First of all, I have to say that I was thinking long about whether to post this in the Philosophy of Science forum or here. I decided to post it here because, although part of the question is centered on the definition of relationism, the main problem concerns some technical aspects of GR.

I read a paper from Carlo Rovelli titled “Quantum spacetime: what do we know?”, which can be found at http://arxiv.org/gr-qc/9903045 [Broken]. There it is claimed that General Relativity is a theory in which space and time exist in relation to energy and matter. According to Rovelli, this has to be understood in a profound sense: in the same way that no matter is possible without spacetime, in GR, no spacetime is possible without matter.

My interest is not about Quantum Gravity (this would not be meaningful since the mathematics are beyond my knowledge), but about General Relativity, whose fundaments I would like to understand better. Also, I would like to say that I just know a little bit about GR (from Schutz), so I apologize if I wrote something senseless after this long post.

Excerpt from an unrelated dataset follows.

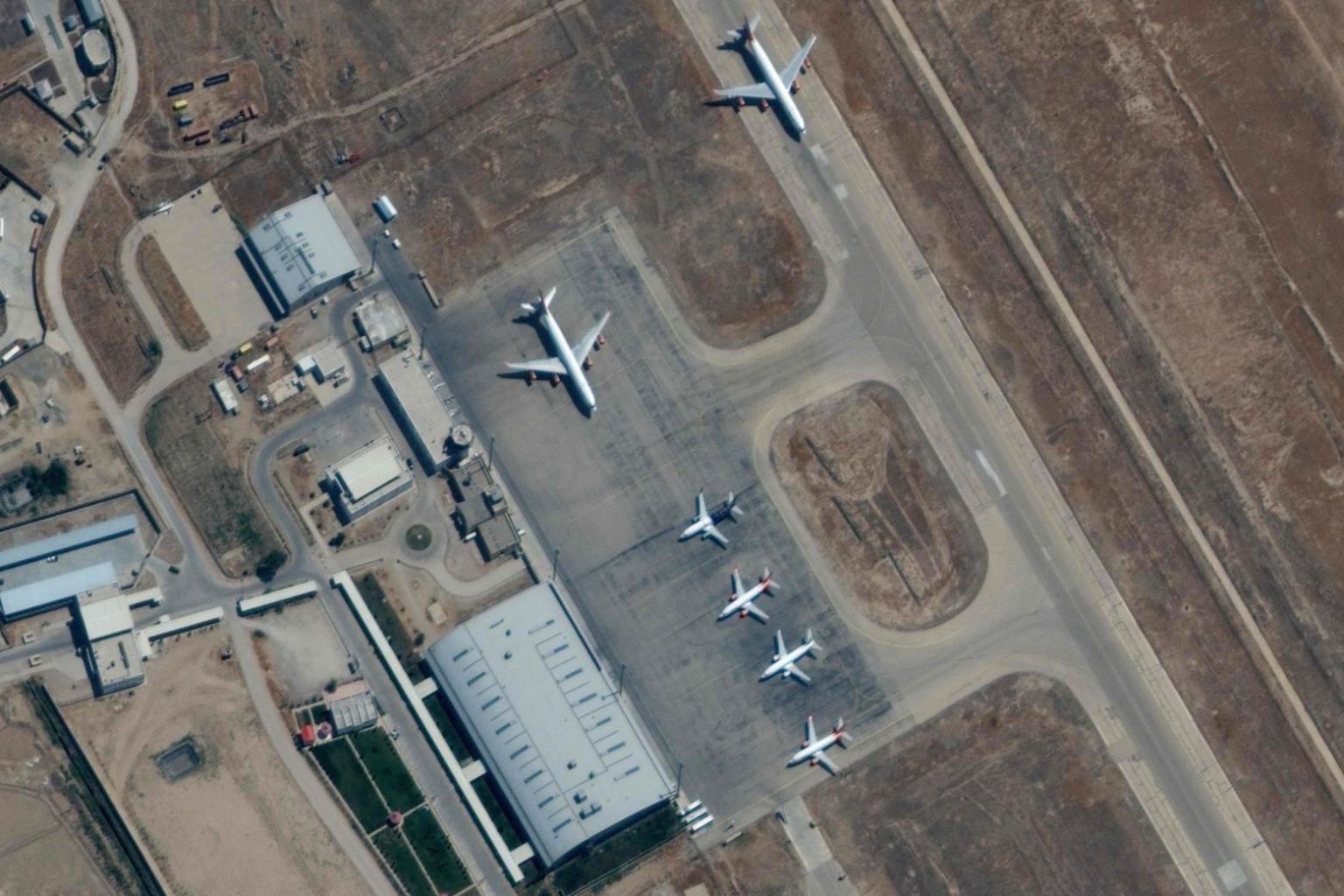 In a satellite image taken on Sept 3, 2021, planes can be seen near the main terminal of the airport in Mazar-i-Sharif, Afghanistan.

My problem is that I cannot understand Rovelli’s claim. First of all, the Einstein equations in GR say that the metric is influenced by matter in a similar way than matter is influenced by the metric. IMO this is far away from saying that, if there were no matter, then there would not be any metric. The point is that in GR it is possible to have a spacetime without matter. This is a flat spacetime, not expanding and with gravitational waves depending on boundry conditions. Since it is mathematically possible, one should infer that this has some significance which cannot be ignored.

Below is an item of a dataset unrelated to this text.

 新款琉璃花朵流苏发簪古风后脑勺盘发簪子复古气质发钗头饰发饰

On the other hand GR describes a matter – metric interaction, which seams to be different to me than describing a matter – spacetime interaction. If we remove the metric from spacetime, then something remains still there: its dimensionality. Spacetime has two essential properties, which should be considered in oder to define it: distances and dimensions. AFAIK, mathematically one can have the second without having the first (as kind of manifold or topological space without metric). The first property (dimensions) is independent of everything and is not influenced by nothing, contrary to the second (the metric).

So, my understanding is: with respect to the existence of the metric and the existence of matter, GR is not a relational theory, since it makes possible the existence of a metric without matter. On the other hand, spacetime is something different than the metric as such, since one cannot define a metric without fixing some dimensions (which are independent of everything).

From this point of view Rovelli’s paper makes no sense to me. I do not claim that Rovelli’s ideas are nonsense, since I do not know whether and how he has enhanced or modified GR, but now I would tend to say that his arguments, trying to ground relationism of physics on GR theory, are not correct or, at least, he does consider GR only partially.

Regards.

Last edited by a moderator: May 1, 2017
2. Apr 2, 2004

Staff Emeritus
I think you are right that Rovelli's thesis is beyond what Einstein stated. It is possible to set up GR on a massless universe, and it has a metric - indeed that is how it's defined! And Einstein even shows that curvature in an ordinary universe can happen without matter, because of light, and because gravity acts on itself.

3. Apr 2, 2004

EL

Interesting. Are you just talking about curvature due to energy in other forms than matter, or are you really talking about curvature without "anything"?

4. Apr 2, 2004

Mike2

I once heard that mass proceeded from a tearing of space. Could it be that in the beginning space unfolded without mass as a manifold without boundary, then space expanded so fast that it ripped (forming a boundary ) from which mass was produced?